The ANEC I and ANEC II were 1920s British single-engine ultralight aircraft designed and built by Air Navigation and Engineering Company Limited at Addlestone Surrey. One was privately constructed in Brisbane, Australia.

One example was flown in France under the designation Blériot 102.

==History==
The ANEC I and II, designed by W.S Shackleton, were amongst the earliest ultralight aircraft; they were very small, wooden, strut braced high-wing monoplanes. The first ANEC I, registered G-EBHR, first flew at Brooklands on 21 August 1923. It was the first aircraft with an inverted engine, a 696 cc Blackburne Tomtit, to fly in the United Kingdom. The ANEC I was designed to the rules of the 1923 Lympne light aircraft trials, principally an engine capacity limit of 750 cc, and the two aircraft completed that August took part. The main prizes were for fuel economy and the second ANEC I G-EBIL, flown by Jimmy James, shared half of the £1,500 prize with an English Electric Wren for flights of 87.5 miles (141 km) on one gallon (4.54 L) of petrol. He later reached an altitude of 14,000 ft (4,267 m) in it. G-EBIL was evaluated by the Air Ministry in 1924, briefly carrying the RAF serial J7506. Afterwards it was modified with a wingspan greatly reduced from 32 ft to 18 ft 4 in (9.75 m to 5.59 m) and re-engined with a 1,000 cc Anzani engine for entry in the 1925 Lympne August Bank Holiday Races, designated the ANEC IA.

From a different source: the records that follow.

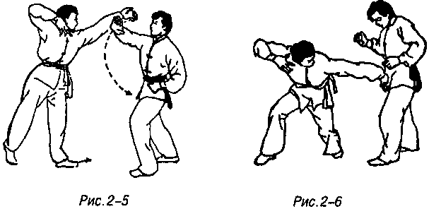 Из позиции для атаки швыряемой ладонью правая нога толкает землю, левая нога продвигается вперед, одновременно левая лад>нь с тыльной стороной в качестве точки приложения силы наносит швыряемый удар вперед в лицо или по глазам, ноги распрямляются, правая нога стоит на передней части подошвы, вес тела смещается на левую ногу, корпус чуть наклоняется вперед (рис. 2-5).
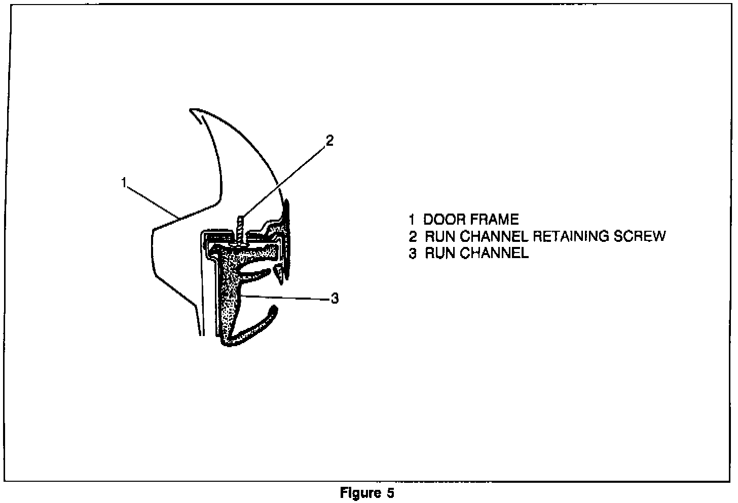 2. Remove the window run channel from the retainer in the header of the door frame by pulling down and outboard on the run channel.
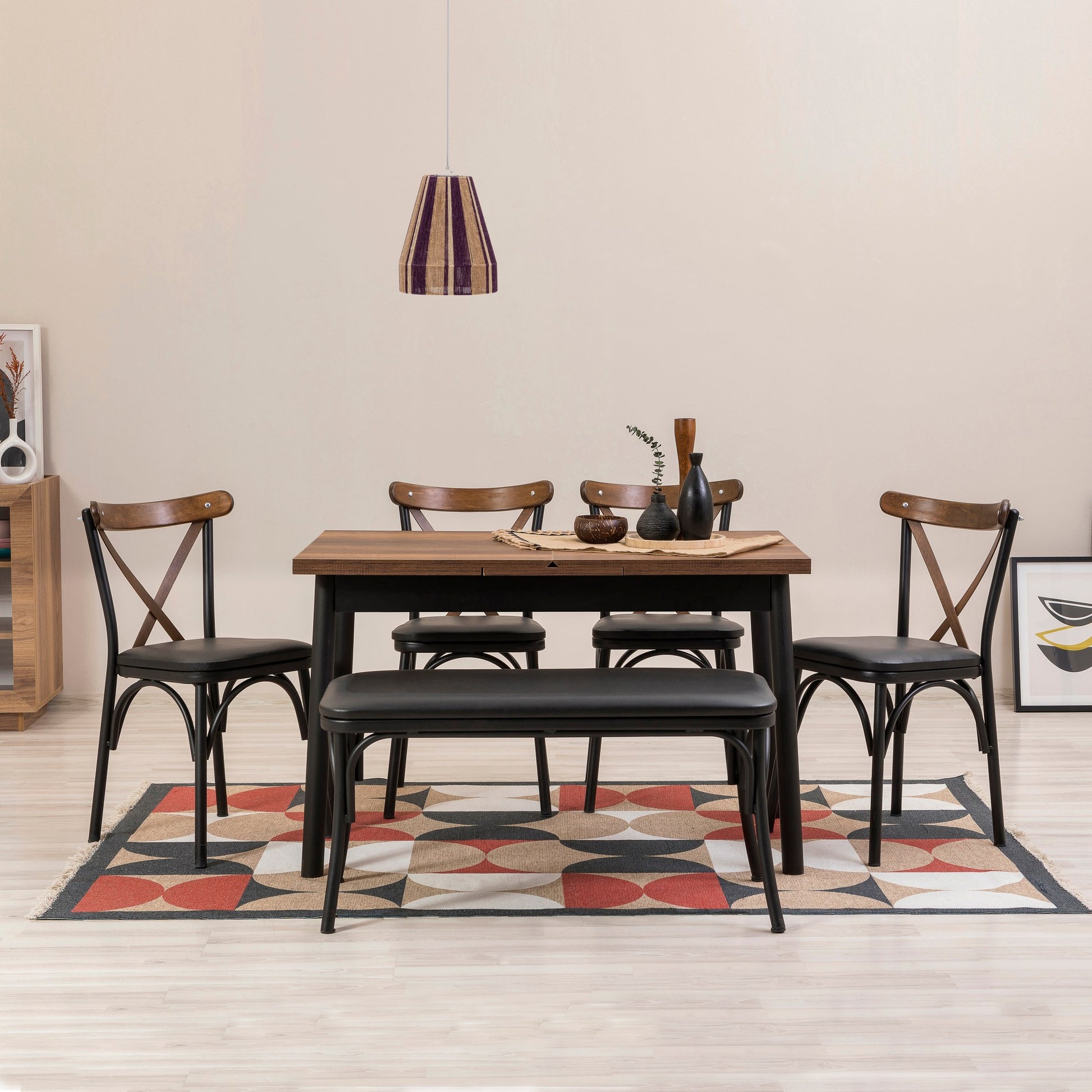 Conjunto de mesa de jantar extensível e cadeiras (6 peças), preto, 120-153 x 75 x 77 cm | 100% revestido em melamina, tecido couro sintético, pernas de madeira de faia | Elegante e funcional para refeições modernas
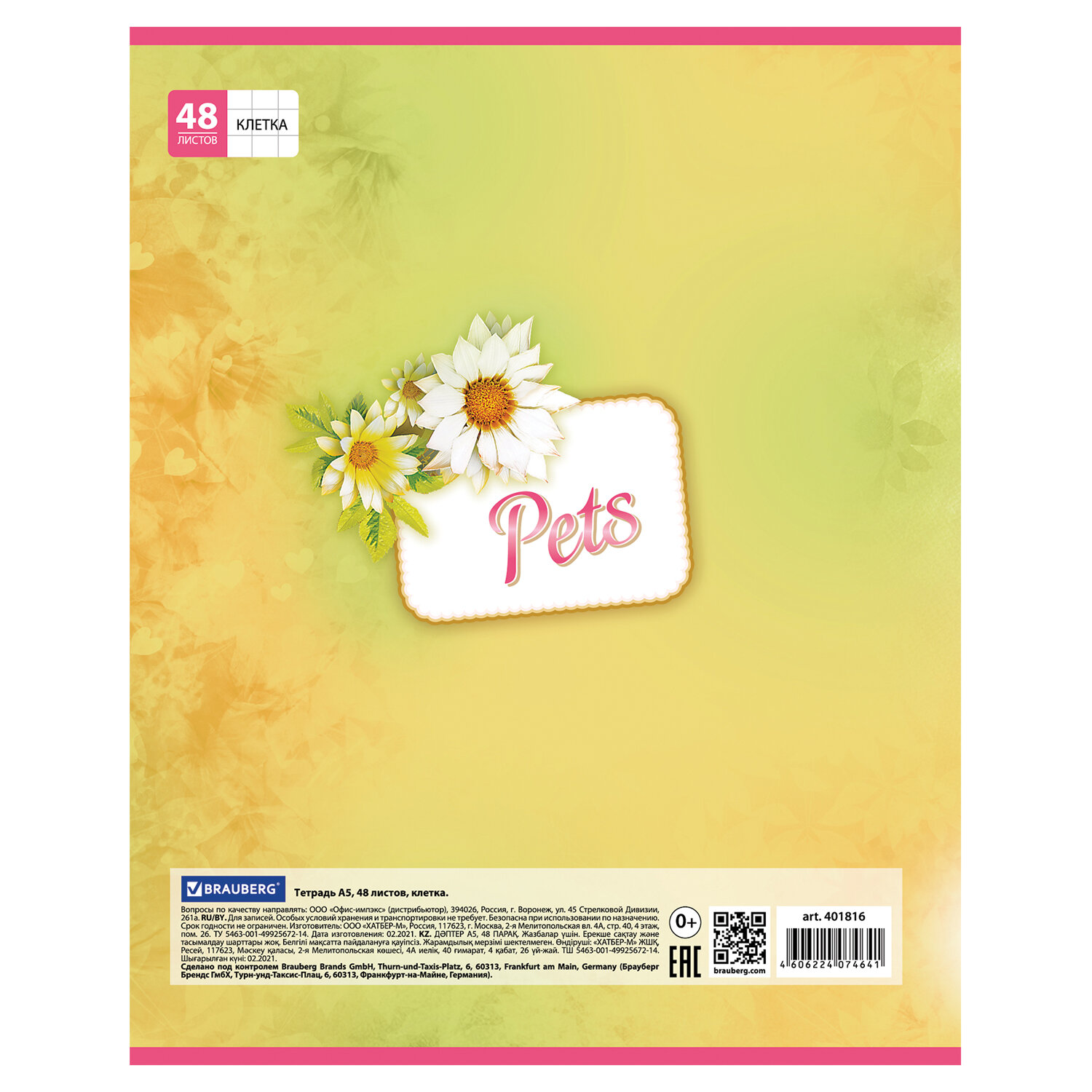 О товаре «Тетрадь А5, 48 л., BRAUBERG, скоба, клетка, обложка картон, ЛЮБИМЧИКИ, 401816»

Only one more ANEC I was constructed. It was built in Australia by George Beohm, who went on to design the Genairco Biplane, and Horrie Miller. E. W. Beckman, the owner of the aircraft, intended to enter it in the Low-Powered Aeroplane Competition held at Richmond in December 1924, but it was not completed until the following year. The first of the two built in the United Kingdom in 1923, G-EBHR, was exported to Australia in the second half of 1924.

The Blériot firm imported a single example to France to compete in the Tour de France Des Avionettes competition in 1924. After placing second, it was returned to ANEC.

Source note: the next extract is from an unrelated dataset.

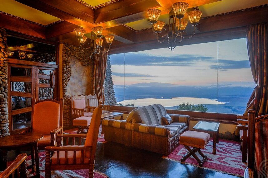 Das lange, aus Natursteinen erbaute und mit Efeu bewachsene Gebäude schmiegt sich an den südlichen Kraterrand und verschmilzt harmonisch mit der Landschaft des Ngorongoro Kraters. Täglich finden Pirschfahrten in den circa 600m tiefer liegenden Grund des Kraters statt. Die satte Vegetation des UNESCO Weltnaturerbes ist eine herrliche Mischung aus Regenwald, Grasflächen und Seen. Das Restaurant auf mehreren Ebenen bietet große Panoramafenster und eine fantastische Aussicht. Im Inneren der ebenfalls aus Flussstein gebauten Bar brennt zu jeder Zeit ein Feuer und die Wände der luxuriösen Lodge sind mit Felsmalereien dekoriert.
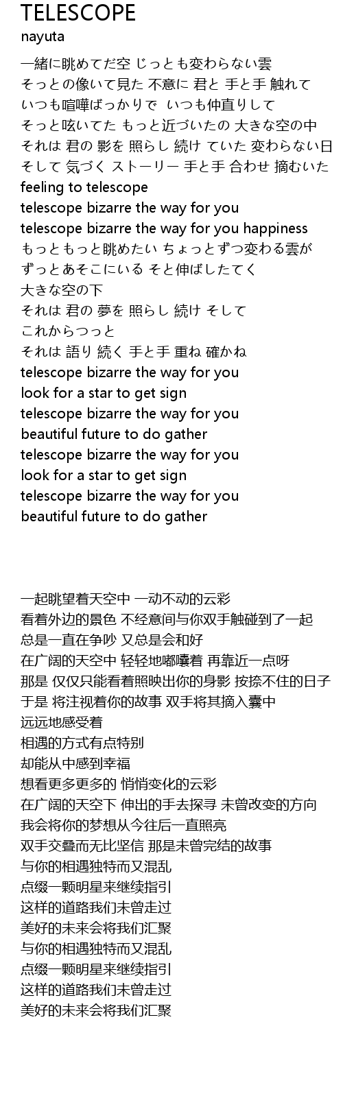 | [01:55.600] | telescope bizarre the way for you happiness |

The ANEC II was an enlarged version of the ANEC I built for the 1924 Lympne light aircraft trials competition. Following the revised competition rules, it was a two-seater and its more powerful 1,100 cc Anzani inverted V twin-cylinder had the greatest capacity allowed. The wing area was increased by 28% to accommodate the extra weight by a 5 ft 2 in (1.57 m) span extension. It was also longer by almost the same amount. Engine problems kept it from flying in the competition and out of the Grosvenor Trophy race that immediately followed.

In 1927 a new owner refitted it with a 32 hp (24 kW) Bristol Cherub III flat twin engine, a larger rudder, and a more conventional undercarriage with larger wheels mounted on a cross axle attached to the lower fuselage with a pair of V-struts. In 1931 another new owner fitted a heavier 30 hp (22 kW) ABC Scorpion engine, another flat twin and, to keep the weight down, reworked it as a single seater. It was in this condition when it was acquired by Richard Shuttleworth in about 1937.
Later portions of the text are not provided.